Personal information
- Born: April 16, 1982 (age 44) Benton Harbor, Michigan, U.S.
- Listed height: 6 ft 10 in (2.08 m)
- Listed weight: 260 lb (118 kg)

Career information
- High school: Benton Harbor (Benton Harbor, Michigan)
- College: Barton CC (2001–2003); Cincinnati (2003–2004); Walsh (2004–2005);
- NBA draft: 2005: 2nd round, 51st overall pick
- Drafted by: Utah Jazz
- Playing career: 2005–2008
- Position: Center
- Number: 54

Career history
- 2005–2006: Utah Jazz
- 2006: Metros de Santiago
- 2006–2007: Twin City Ballers
- 2007: Petrochimi Imam
- 2007–2008: Los Angeles D-Fenders

Career highlights
- NAIA Division II Player of the Year (2005); NAIA Division II tournament MVP (2005); First-team NJCAA All-American (2002); Second-team NJCAA All-American (2003);
- Stats at NBA.com
- Stats at Basketball Reference

= Robert Whaley =

American basketball player (born 1982)

Robert Antawon Whaley (born April 16, 1982) is an American former professional basketball player.

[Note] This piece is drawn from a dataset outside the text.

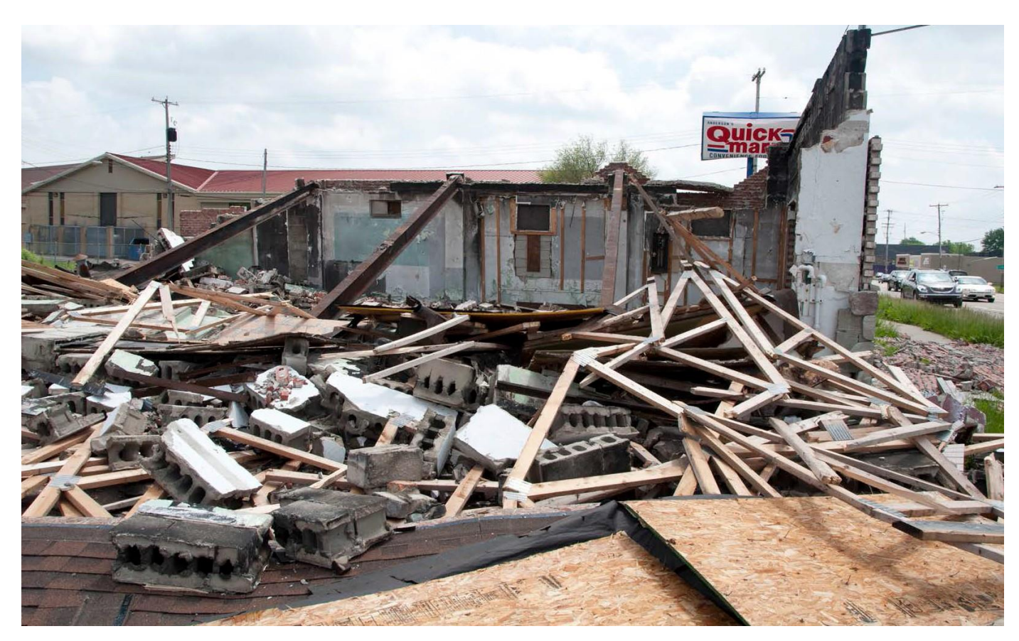
Destruction from a May 2013 Tornado in Genesee County

Tornadoes generally travel from the southwest at an average speed of 30 mph. However, some tornadoes have very erratic paths, with speeds approaching 70 mph.

==High school and college career==
Whaley graduated from Benton Harbor High School in 2001. He was a leading contender for Mr. Basketball of Michigan, but Benton Harbor came up just short of winning the championship. He attended Barton County Community College for two years, then transferred to the University of Cincinnati in 2003 and Walsh University in 2004. He was the NAIA Division II Player of the Year in 2004–05 and led Walsh to its first NAIA National Championship. He averaged 19.9 points and 7.5 rebounds in 35 games as a senior. Walsh left the NAIA and joined the NCAA in 2011.

==Professional career==

===Utah Jazz (2005–2006)===
Whaley was selected by the Utah Jazz with 51st overall pick in the 2005 NBA draft, becoming the most recent player drafted out of an NAIA school, as of 2018. As a rookie in 2005–06, Whaley appeared in 23 games and averaged 2.1 points and 1.9 rebounds per game. He scored a career-high 11 points on December 23, 2005, against the New York Knicks. On January 26, 2006, he was ruled out indefinitely with torn cartilage in his right knee. He returned to action in March 2006, but appeared in just one further game after returning to injury.

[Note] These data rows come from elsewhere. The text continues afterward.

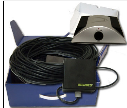
Underwater Speaker System

This is a special order item, so contact Ocean REEF or your sales rep for details.
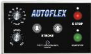
The Auto-Flex Control Panel with Start/Stop, Emergency Stop, Cycle, Speed, and Stroke Depth Controls.

Auto-Flex allows you to treat your patients manually or easily switch to Auto-Flex for Motorized Flexion. Using the Auto-Flex Control Panel, you set the exact speed and the number of treatment cycles. You also have complete control while the table is in motion to change the speed and amount of flexion at any time. The Auto-Flex feature greatly enhances your ability to treat more than one patient at a time and its addition does not sacrifice any of the features found on the manual Air-Flex model.
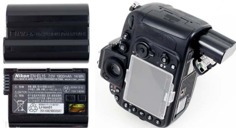
FIGURE 1B – Examining and inserting the battery

If you can hold yourself back from turning on the camera until after the battery is charged, that would be the optimum situation. That'll give you some time to read more of this chapter, and even check out the User's Manual.
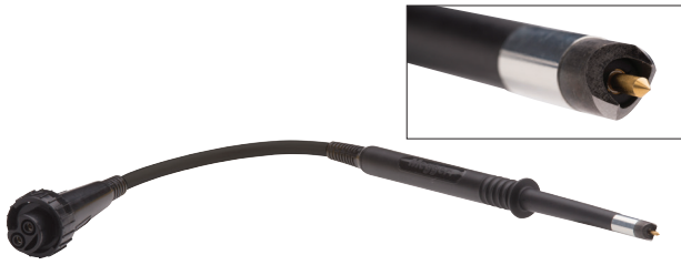
CP1-C Concentric Probe 1 - connect Order part number: 1006-448
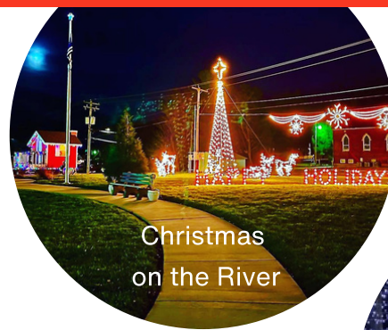
Christmas on the River

On December 11, 2005, Whaley and teammate Deron Williams got into an altercation with a group of Denver Nuggets fans who were harassing them outside a Park City club. Both Whaley and Williams gave police false names at that time, and both were cited for providing false information to police. Whaley, who sustained a 6-inch cut on his hand at the bar that night, was suspended one game by the Jazz for lying about how he received the injury.
On June 8, 2006, Whaley was traded, along with Kris Humphries, to the Toronto Raptors in exchange for Rafael Araújo. He was later waived by the Raptors on June 21, 2006.

===Post-NBA (2006–2008)===
After being released by the Toronto Raptors, Whaley moved to the Dominican Republic where he played briefly with Metros de Santiago. For the 2006–07 season, he joined the Twin City Ballers of the American Basketball Association. In March 2007, he left the Ballers and joined Petrochimi Imam of Iran for the rest of the season.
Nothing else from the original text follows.